WHAT TO PRODUCE » Could you output the entries that follow exactly, omitting any pictures they contain?

MATERIAL FOR THE TASK »
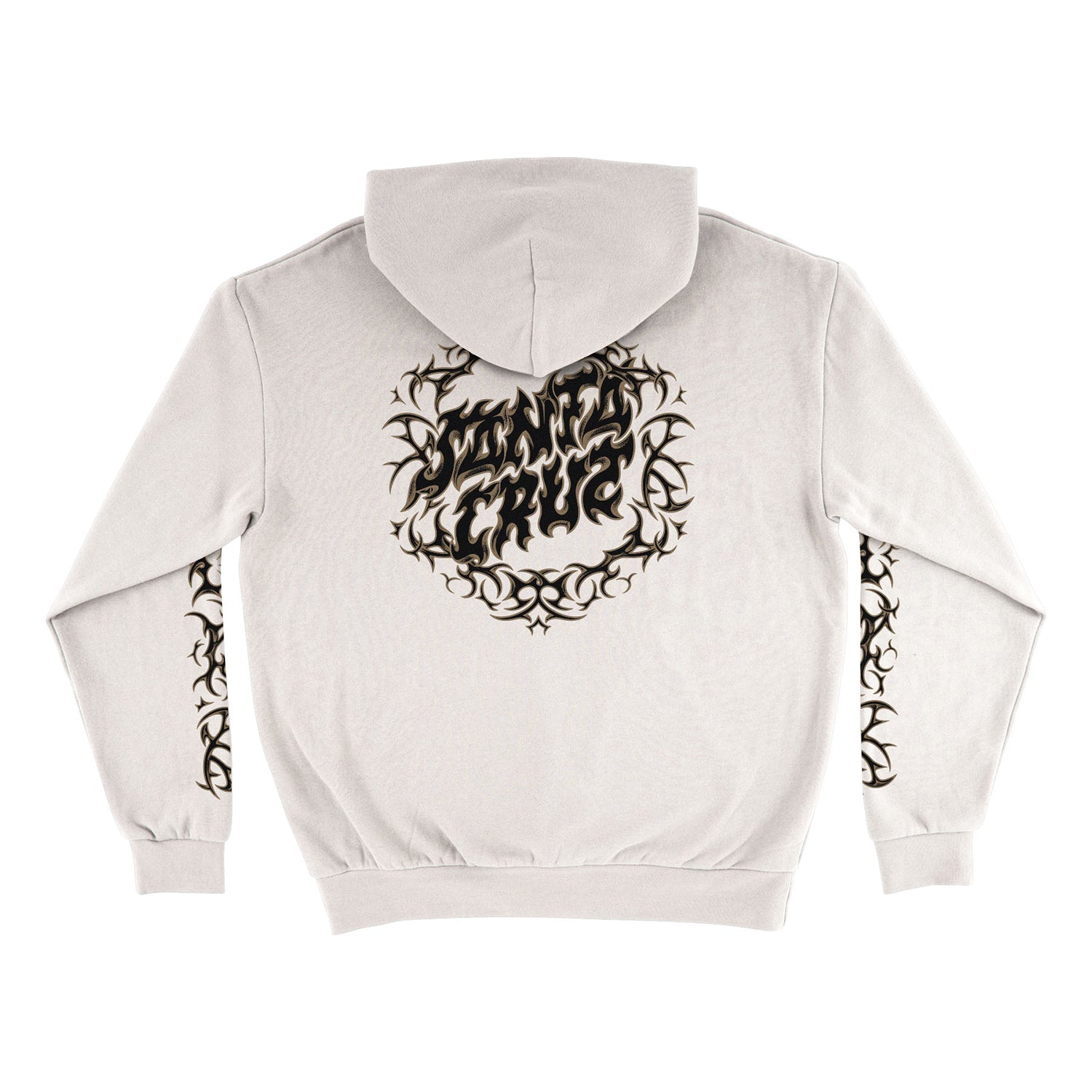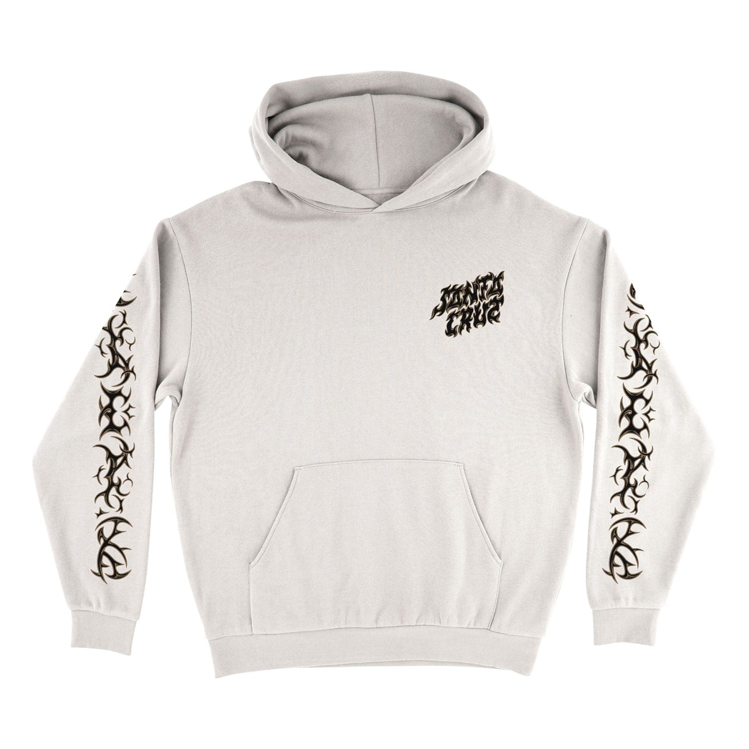 The Santa Cruz Razor Dot Center men's heavyweight fleece hooded pullover sweatshirt features small front, large back and sleeve Santa Cruz Razor Dot Center artwork printed in soft hand ink.
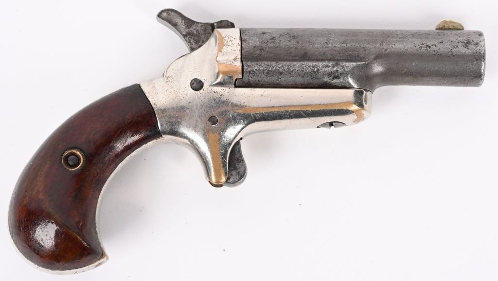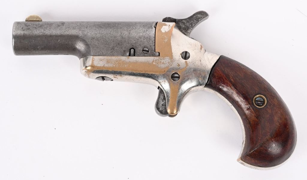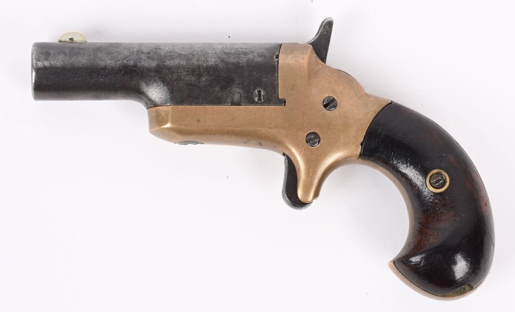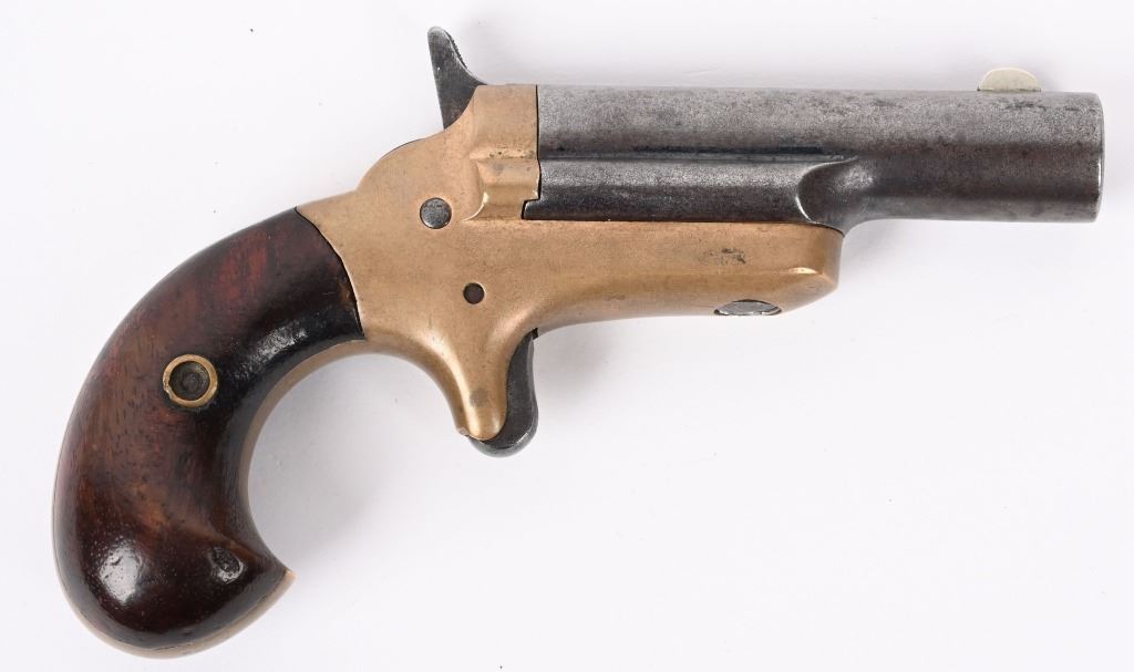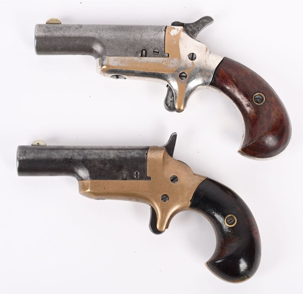 SERIAL NUMBER 6417 / 7248 BARREL 2 1/2" CALIBER 41 RIM FIRE MANUFACTURED CIRCA 1870'S. Brass frame with birds head grip. Spur trigger . One has straight hammer other has sloped hammer. Barrels marked "-COLT-" on top with serial number under 2 piece walnut grips. CONDITION. Good with proper function actions. Dark bores with visible rifling. Straight hammer example has mustard patina brass frame with brown patina barrel. Sloping hammer version has 60% nickel finish remaining and brown patina barrel. Straight hammer example has small chip in left grip other id fine. ANTIIQUE
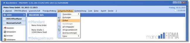 1. Klicken Sie mit der Maus im Hauptmenü auf "Anlagenbuchhaltung > Prüflauf".
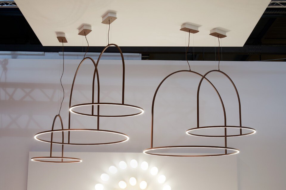 L’incursione tecnologica nel mondo dell’illuminazione decorativa viene utilizzata per fare cose nuove. Grazie alle dimensioni ridotte dei LED infatti, da un lato, molti apparecchi d’illuminazione hanno diminuito il loro ingombro dando vita a oggetti luminosi di spessore minimo, dall’altro invece si attesta una nuova tendenza che rivede le tecniche del passato con gli occhi di oggi recuperando materiali in uso nei decenni passati – dalla preziosità dei metalli dal sapore vintage alla presenza scenica degli spessi vetri curvati degli anni Cinquanta – che acquisiscono nuova vita ed effetti inediti grazie alla tecnologia recente.
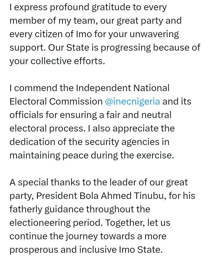 “A special thanks to the leader of our great party, President Bola Ahmed Tinubu, for his fatherly guidance throughout the electioneering period. Together, let us continue the journey towards a more prosperous and inclusive Imo State.
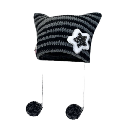 Біні шапка з вушками і зіркою в стилі аніме k-pop в'язана демісезонна чорно-сіра
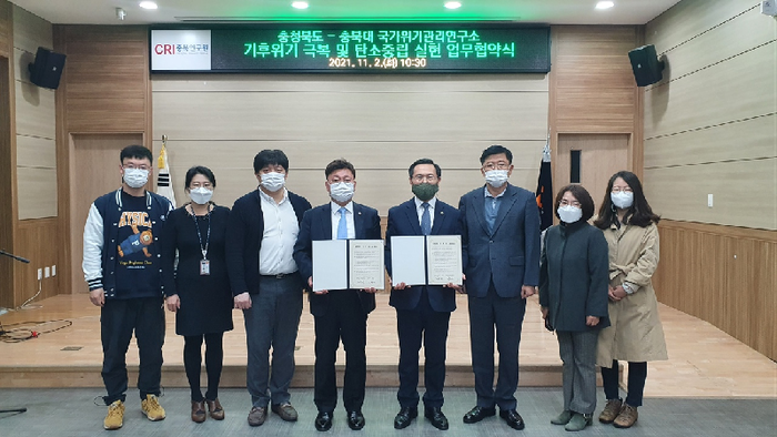 ![]() ▲ 충북대 국가위기관리연구소가 2일 충북연구원 대회의실에서 충청북도 환경산림국과 ‘기후위기·탄소중립 상호협력 업무 협약’을 체결했다. 충북대 제공 © |
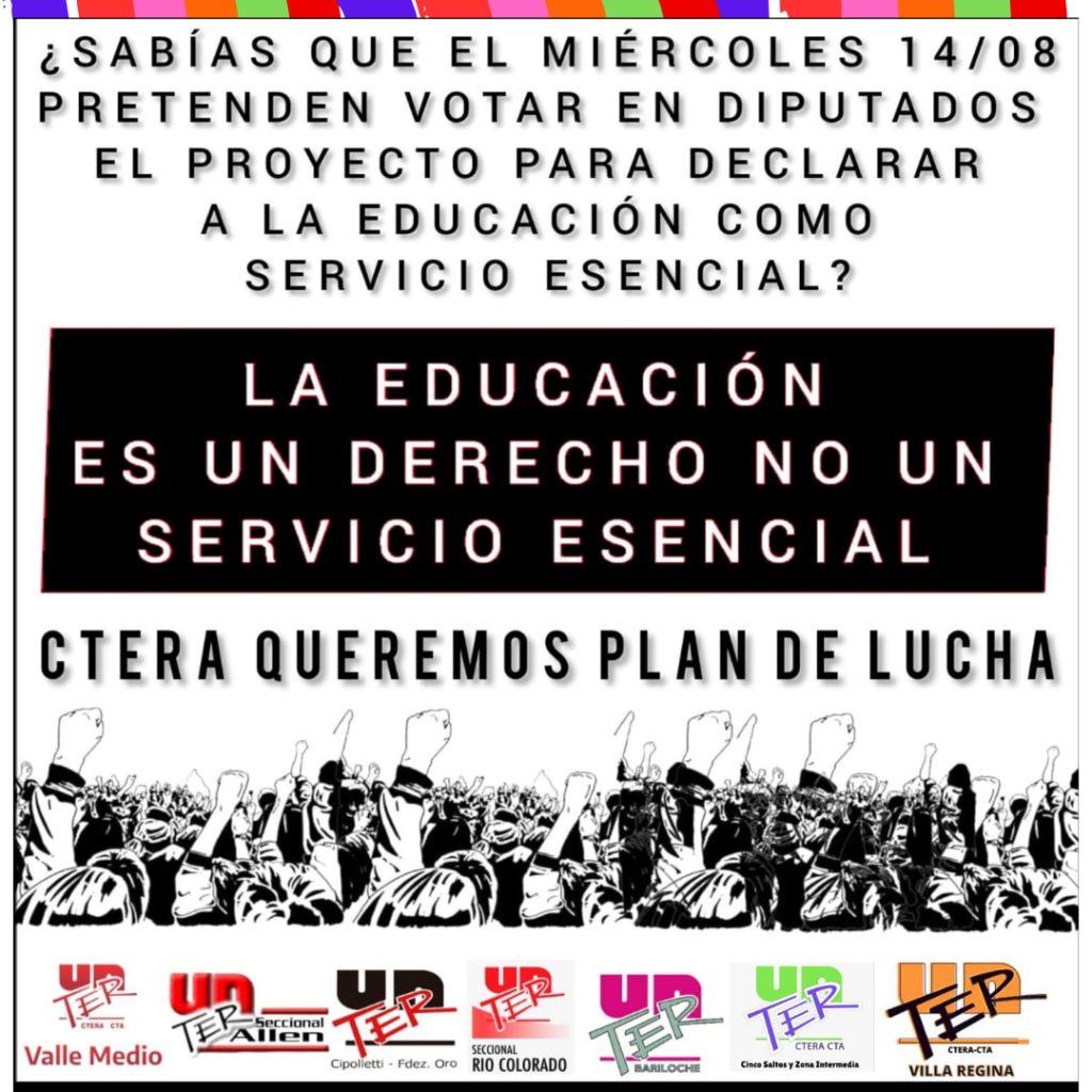 La Unión de Trabajadores de la Educación de Río Negro (UnTER) ha convocado a un paro nacional y una manifestación en el Congreso Nacional para el 14 de agosto. Esta medida se toma en respuesta a un proyecto de ley que busca restringir los derechos laborales de los docentes, especialmente el derecho a huelga.

ANSWER TO THIS PROBLEM »
 The Santa Cruz Razor Dot Center men's heavyweight fleece hooded pullover sweatshirt features small front, large back and sleeve Santa Cruz Razor Dot Center artwork printed in soft hand ink.
 SERIAL NUMBER 6417 / 7248 BARREL 2 1/2" CALIBER 41 RIM FIRE MANUFACTURED CIRCA 1870'S. Brass frame with birds head grip. Spur trigger . One has straight hammer other has sloped hammer. Barrels marked "-COLT-" on top with serial number under 2 piece walnut grips. CONDITION. Good with proper function actions. Dark bores with visible rifling. Straight hammer example has mustard patina brass frame with brown patina barrel. Sloping hammer version has 60% nickel finish remaining and brown patina barrel. Straight hammer example has small chip in left grip other id fine. ANTIIQUE
 1. Klicken Sie mit der Maus im Hauptmenü auf "Anlagenbuchhaltung > Prüflauf".
 L’incursione tecnologica nel mondo dell’illuminazione decorativa viene utilizzata per fare cose nuove. Grazie alle dimensioni ridotte dei LED infatti, da un lato, molti apparecchi d’illuminazione hanno diminuito il loro ingombro dando vita a oggetti luminosi di spessore minimo, dall’altro invece si attesta una nuova tendenza che rivede le tecniche del passato con gli occhi di oggi recuperando materiali in uso nei decenni passati – dalla preziosità dei metalli dal sapore vintage alla presenza scenica degli spessi vetri curvati degli anni Cinquanta – che acquisiscono nuova vita ed effetti inediti grazie alla tecnologia recente.
 “A special thanks to the leader of our great party, President Bola Ahmed Tinubu, for his fatherly guidance throughout the electioneering period. Together, let us continue the journey towards a more prosperous and inclusive Imo State.
 Біні шапка з вушками і зіркою в стилі аніме k-pop в'язана демісезонна чорно-сіра
 ![]() ▲ 충북대 국가위기관리연구소가 2일 충북연구원 대회의실에서 충청북도 환경산림국과 ‘기후위기·탄소중립 상호협력 업무 협약’을 체결했다. 충북대 제공 © |
 La Unión de Trabajadores de la Educación de Río Negro (UnTER) ha convocado a un paro nacional y una manifestación en el Congreso Nacional para el 14 de agosto. Esta medida se toma en respuesta a un proyecto de ley que busca restringir los derechos laborales de los docentes, especialmente el derecho a huelga.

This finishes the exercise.